Desde o início da pandemia em dezembro de 2019, o coronavírus Sars-CoV-2 que causa a covid-19 sofreu várias mutações, dando origem a diferentes variantes. Como a maioria das vacinas foi projetada para reconhecer a proteína de espícula original do Sars-CoV-2, ou pelo menos partes dela, as variantes mais mutantes, como a Ômicron, escapam com mais facilidade da proteção oferecida pelas vacinas, embora ainda previnam doenças graves.

No mês passado, os fabricantes de vacinas conversaram sobre ajustar a fórmula para ter uma vacina específica contra a Ômicron à mão, se necessário. “No entanto, a Ômicron não será a última variante”, afirma Stephen Zeichner, especialista em doenças infecciosas do Centro Médico da Universidade da Virgínia. “Está bem claro que o vírus continua evoluindo e, no futuro, existe a necessidade de uma vacina universal contra a covid-19 ou mesmo uma vacina universal contra os coronavírus”.

Desde 2020, em preparação para o próximo surto mortal causado por um coronavírus, e os especialistas acreditam que para que isso ocorra é apenas uma questão de tempo, alguns cientistas começaram a desenvolver vacinas que protegem contra diversos coronavírus. Atualmente, muitos esforços se concentram em sarbecovírus conhecidos, que incluem o Sars-CoV-1 e o Sars-CoV-2, e alguns vírus de morcego do tipo Sars que têm o potencial de saltar de animais para humanos.

Os primeiros testes em modelos animais estão mostrando resultados promissores. “O melhor de ter essas vacinas é que elas poderão lidar com variantes potencialmente novas [Sars-CoV-2] e com os próximos vírus horríveis provenientes de spillover (evento de transbordamento) que surgirão no futuro”, explica a bióloga estrutural Pamela Björkman, do Instituto de Tecnologia da Califórnia, que está desenvolvendo uma vacina universal para alguns vírus do tipo Sars.

Bloqueando novas e futuras variantes

A Ômicron, a versão mais recente do vírus classificada como uma variante de preocupação pela Organização Mundial da Saúde em 26 de novembro de 2021, tem quase 50 mutações genéticas em comparação com a cepa original do Sars-CoV-2. Mais de 30 dessas mutações estão nas espículas em forma de taco que se projetam da superfície do vírus e que facilitam sua entrada nas células hospedeiras. A espícula também é a região do vírus que as vacinas contra a covid-19 têm como alvo para prevenir doenças graves.
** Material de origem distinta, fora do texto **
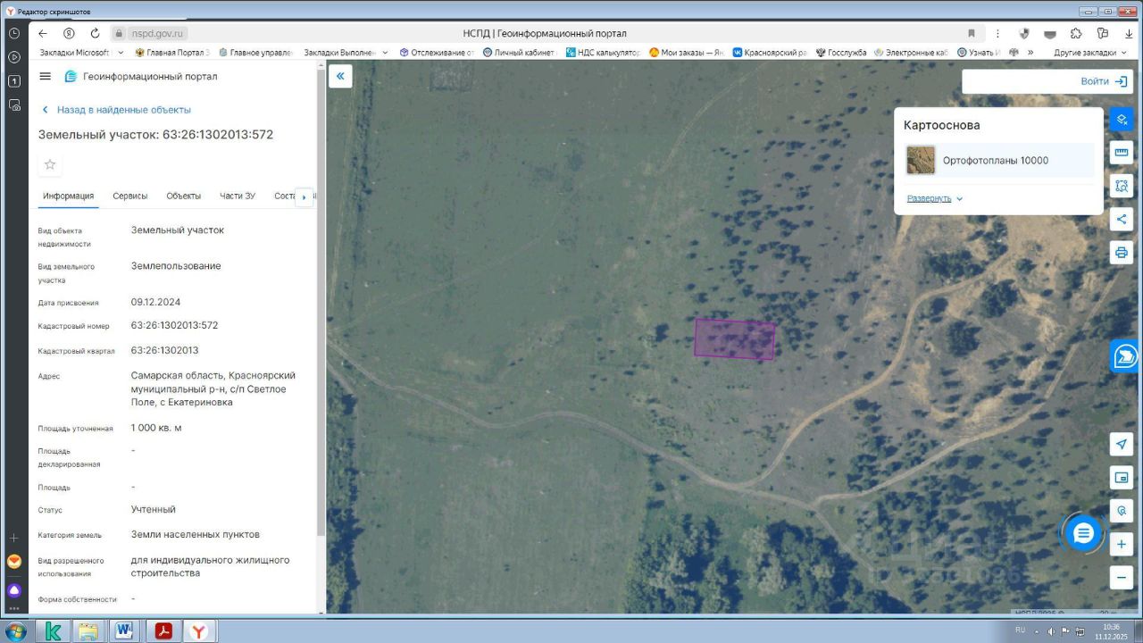 Земельный участок, категория земель "Земли населенных пунктов", вид разрешенного использования "Для индивидуального жилищного строительства", площадью 1000 кв.м, кадастровый номер 63:26:1302013:572, расположенного по адресу: Российская Федерация, Самарская область, Красноярский муниципальный район, сельское поселение Светлое Поле, село Екатериновка.

Os coronavírus humanos foram identificados pela primeira vez em meados da década de 1960 e raramente causavam doenças graves. Entretanto, isso mudou em 2002, quando uma doença respiratória fatal causada por um novo coronavírus Sars-CoV ligado a morcegos das cavernas surgiu na China e se espalhou para 29 países, infectando quase oito mil pessoas e deixando mais de 700 mortos. Uma década depois, outro novo coronavírus, o Mers-CoV — que surgiu na Arábia Saudita e provavelmente se originou em morcegos — infectou mais de duas mil pessoas em 37 países e matou quase 900 até o momento. O perigo representado pelos coronavírus originários de animais tornou-se ainda mais evidente com o Sars-CoV-2, que resultou em quase 332 milhões de casos confirmados em todo o mundo e mais de cinco milhões de mortes desde o seu surgimento no fim de 2019.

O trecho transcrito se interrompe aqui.